Denn die sieben Darstellungen des Weges Christi nach Golgatha waren nicht immer im geschützten, musealen Raum. Jahrhundertelang befanden sie sich auf dem Wallfahrtsweg, der von der Nürnberger Altstadt zum Johannisfriedhof führte, waren in Häuserwänden oder Gartenmauern eingebaut. Daher auch mal übertüncht oder gestrichen. Im Lauf der Jahrhunderte musste der Sandstein manche Umbau- und Umweltsünde miterleben, von denen eine stattliche Kruste zeugt, die mit dem gepulsten Strahl eines 20-Watt-Lasers Stück für Stück abgearbeitet wird.
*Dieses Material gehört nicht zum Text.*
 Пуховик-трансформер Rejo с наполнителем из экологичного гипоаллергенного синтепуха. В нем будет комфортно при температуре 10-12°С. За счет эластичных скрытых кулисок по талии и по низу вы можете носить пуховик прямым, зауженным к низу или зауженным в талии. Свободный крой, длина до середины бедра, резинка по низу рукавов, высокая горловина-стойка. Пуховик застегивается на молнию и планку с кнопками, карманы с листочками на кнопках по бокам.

Die Arbeiten werden sich noch einige Monate hinziehen. 125.000 Euro kostet die Restaurierung, von denen zwei Drittel die Ernst-von-Siemens-Kunststiftung sponsert, weitere Gönner und letztlich das Museum selbst legten den Rest drauf.

Jesus im Germanischen Nationalmuseum
So strahlend weiß war dieser Jesus 500 Jahre nicht mehr.
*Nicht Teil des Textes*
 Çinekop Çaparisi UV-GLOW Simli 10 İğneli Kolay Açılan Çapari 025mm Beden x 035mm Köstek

Doch die Arbeit lohnt sich. "Wir haben es hier mit einem Top-Werk deutscher Kulturgeschichte zu tun", erklärt Frank Matthias Kammel, Sammlungsleiter für Skulptur bis 1800 am GNM, der Adam Kraft in einem Atemzug mit Tilman Riemenschneider und Veit Stoß nennt. "Vielen Nürnbergern ist ihr Schatz gar nicht so bewusst", ergänzt er mit Blick auf die Werke, die in den Jahren 1505 bis 1508 entstanden sind und den dritten solchen Kreuzweg überhaupt bilden.

Also mal genauer hinsehen: Die biblischen Figuren scheinen lebendig, ausdrucksstark, detailreich. Und sie haben selbst in Stein viel mitgemacht. Wie in der Szene, als Veronika Christus das Schweißtuch reicht. Das Bild barst bei einem Bombenangriff im Zweiten Weltkrieg in rund 50 Einzelteile, die in glühenden Schutt fielen. Harze oder Öle, die bei früheren Restaurierungsversuchen aufgetragen worden waren, drangen ins Gestein. Bürger brachten sie ins GNM, wo sie wieder zusammengesetzt und die Risse mit dunkler Farbe kaschiert wurden. Rund 70 Jahre später ist das Bild ein Fall für Katrin Müller, die mittels einer Lauge die Stoffe entfernte. "Wir arbeiten mit allen Tricks", sagt sie. Diesmal hoffentlich für die Ewigkeit.